A method and an apparatus for improved duration modeling of phonemes in a speech synthesis system are provided. According to one aspect, text is received into a processor of a speech synthesis system. The received text is processed using a sum-of-products phoneme duration model that is used in either the formant method or the concatenative method of speech generation. The phoneme duration model, which is used along with a phoneme pitch model, is produced by developing a non-exponential functional transformation form for use with a generalized additive model. The non-exponential functional transformation form comprises a root sinusoidal transformation that is controlled in response to a minimum phoneme duration and a maximum phoneme duration. The minimum and maximum phoneme durations are observed in training data. The received text is processed by specifying at least one of a number of contextual factors for the generalized additive model. An inverse of the non-exponential functional transformation is applied to duration observations, or training data. Coefficients are generated for use with the generalized additive model. The generalized additive model comprising the coefficients is applied to at least one phoneme of the received text resulting in the generation of at least one phoneme having a duration. An acoustic sequence is generated comprising speech signals that are representative of the received text.
Legal claims defining the scope of protection, as filed with the USPTO.
1. A method for producing synthetic speech comprising: receiving text into a processor; processing the text using a phoneme duration model, the phoneme duration model produced by developing a functional transformation form with an inflection point for use with a generalized additive model, wherein the generalized additive model is specifically designed to calculate phoneme durations for speech synthesis; and generating speech signals representative of the received text.
2. The method of claim 1 , wherein the functional transformation form comprises a root sinusoidal transformation, the root sinusoidal transformation controlled in response to a minimum phoneme duration and a maximum phoneme duration.
3. The method of claim 1 , wherein processing the text using a phoneme duration model comprises: specifying at least one of a plurality of contextual factors for use in a generalized additive model; applying an inverse of the functional transformation form to duration training data; generating coefficients for use in the generalized additive model; applying the generalized additive model to at least one phoneme of the received text; and generating at least one phoneme having a duration.

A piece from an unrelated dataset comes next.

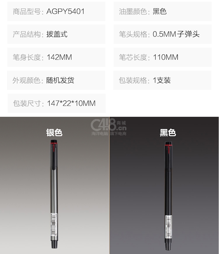 “M&G/晨光”AGPY5301 中性笔 签字水性笔学生匠品系列黑色 0.5mm 笔杆颜色随机 按动款 单支装(海洋电脑 0418商城)

4. The method of claim 1 , wherein the plurality of contextual factors comprises an interaction between accent and the identity of a following phoneme, an interaction between accent and the identity of a preceding phoneme, an interaction between accent and a number of phonemes to the end of an utterance, a number of syllables to a nuclear accent of an utterance, a number of syllables to an end of an utterance, an interaction between syllable position and a position of a phoneme with respect to a left edge of the phoneme enclosing word, an onset of an enclosing syllable, and a coda of an enclosing syllable.
5. The method of claim 1 , wherein a phoneme duration model is used to process a plurality of phonemes.
6. The method of claim 1 , wherein the phoneme duration model is used in a formant method of speech generation.
7. The method of claim 1 , wherein the phoneme duration model is used in a concatenative method of speech generation.
8. The method of claim 1 , further comprising processing the text using a phoneme pitch model.
9. The method of claims 1 , wherein the phoneme duration model is a sum of products model.
10. An apparatus for speech synthesis comprising: an input for receiving text signals into a processor; a processor configured to synthesize an acoustic sequence using a phoneme duration model, the phoneme duration model produced by developing a functional transformation form with an inflection point for use with a generalized additive model, wherein the generalized additive model is specifically designed to calculate phoneme durations for speech synthesis; and an output for providing speech signals representative of the received text.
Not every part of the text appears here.